(SOURCE MATERIAL Opens)
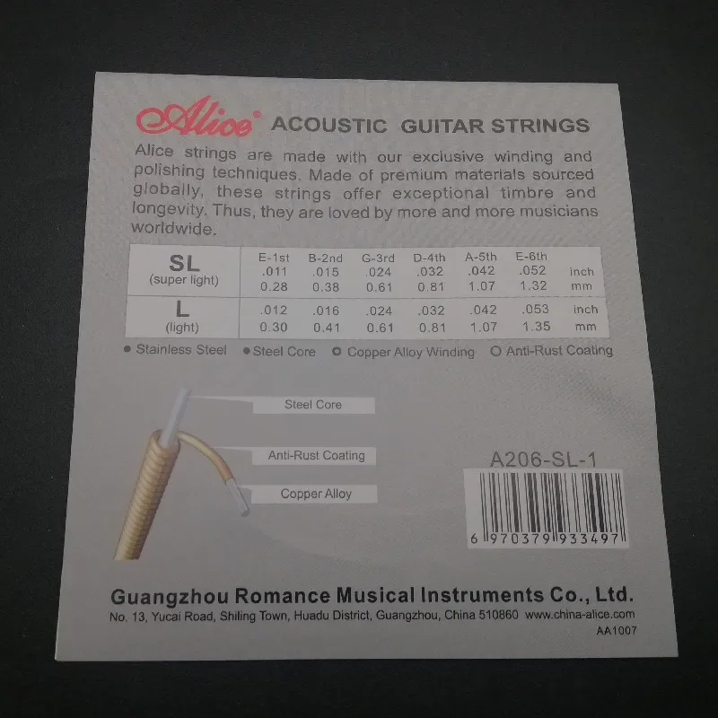 Experience superior sound quality with this set of 10 stainless steel guitar strings designed for acoustic and folk guitars. Includes the first, second, and sixth strings with gauges of 0.012″ (0.30 mm), 0.016″ (0.41 mm), and 0.053″ (1.35 mm) respectively. Crafted from polished stainless steel, these strings offer durability, a sleek, reflective finish, and excellent resonance. The set features visible ball-end fittings for easy installation and compatibility with guitars featuring model designation A206-L. Perfect for guitar enthusiasts seeking reliable, high-performance strings that enhance tone and playability, elevating your musical experience with every strum.
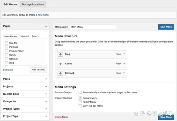 排序結束後,選擇位於底部的菜單位置。通常標有“Primary Menu”(主菜單)的菜單選項是位於網站頂部的導航頁面。然後點擊“Save Menu”把設置過的導航菜單保存一下。
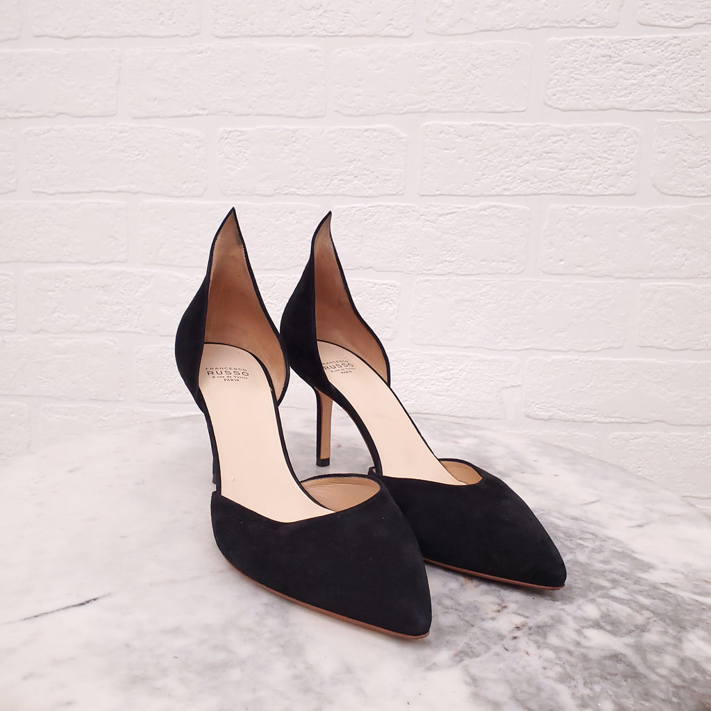 FRANCESCO RUSSO BLACK SUEDE HEELS - SIZE 38
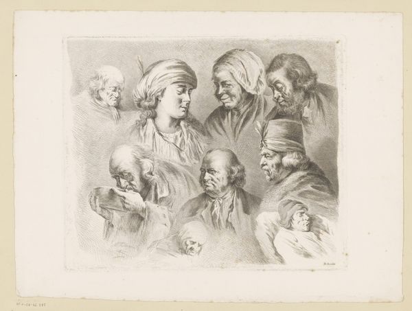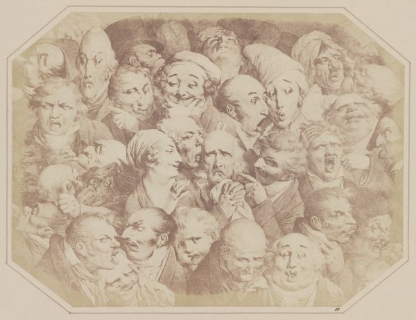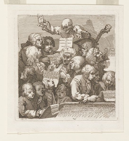 Richard Purcell made this print called 'The Company of Undertakers' in London, sometime in the mid-18th century. Here, we see a collection of men smoking pipes, some peering over a crenelated wall. This image offers us a window into the visual culture of Georgian England and its satirical traditions. Satire was a popular way to comment on social and political issues and it often targeted specific professions or social groups, and this print is no exception. It depicts the undertakers as a group of self-satisfied, even grotesque figures, perhaps suggesting the artist's critique of their profession. The wigs and pipes act as markers of status and masculinity, while the act of smoking together implies a shared purpose. For more insight into this print, we can consult sources on 18th-century social history, visual culture, and the history of satire, which will deepen our understanding of this image and the culture that produced it.
(SOURCE MATERIAL Closes)
### EXERCISE DESCRIPTION
Please print the data above once more, exactly and without images.

### SOLUTION TO THIS PROBLEM
 Experience superior sound quality with this set of 10 stainless steel guitar strings designed for acoustic and folk guitars. Includes the first, second, and sixth strings with gauges of 0.012″ (0.30 mm), 0.016″ (0.41 mm), and 0.053″ (1.35 mm) respectively. Crafted from polished stainless steel, these strings offer durability, a sleek, reflective finish, and excellent resonance. The set features visible ball-end fittings for easy installation and compatibility with guitars featuring model designation A206-L. Perfect for guitar enthusiasts seeking reliable, high-performance strings that enhance tone and playability, elevating your musical experience with every strum.
 排序結束後,選擇位於底部的菜單位置。通常標有“Primary Menu”(主菜單)的菜單選項是位於網站頂部的導航頁面。然後點擊“Save Menu”把設置過的導航菜單保存一下。
 FRANCESCO RUSSO BLACK SUEDE HEELS - SIZE 38
 Richard Purcell made this print called 'The Company of Undertakers' in London, sometime in the mid-18th century. Here, we see a collection of men smoking pipes, some peering over a crenelated wall. This image offers us a window into the visual culture of Georgian England and its satirical traditions. Satire was a popular way to comment on social and political issues and it often targeted specific professions or social groups, and this print is no exception. It depicts the undertakers as a group of self-satisfied, even grotesque figures, perhaps suggesting the artist's critique of their profession. The wigs and pipes act as markers of status and masculinity, while the act of smoking together implies a shared purpose. For more insight into this print, we can consult sources on 18th-century social history, visual culture, and the history of satire, which will deepen our understanding of this image and the culture that produced it.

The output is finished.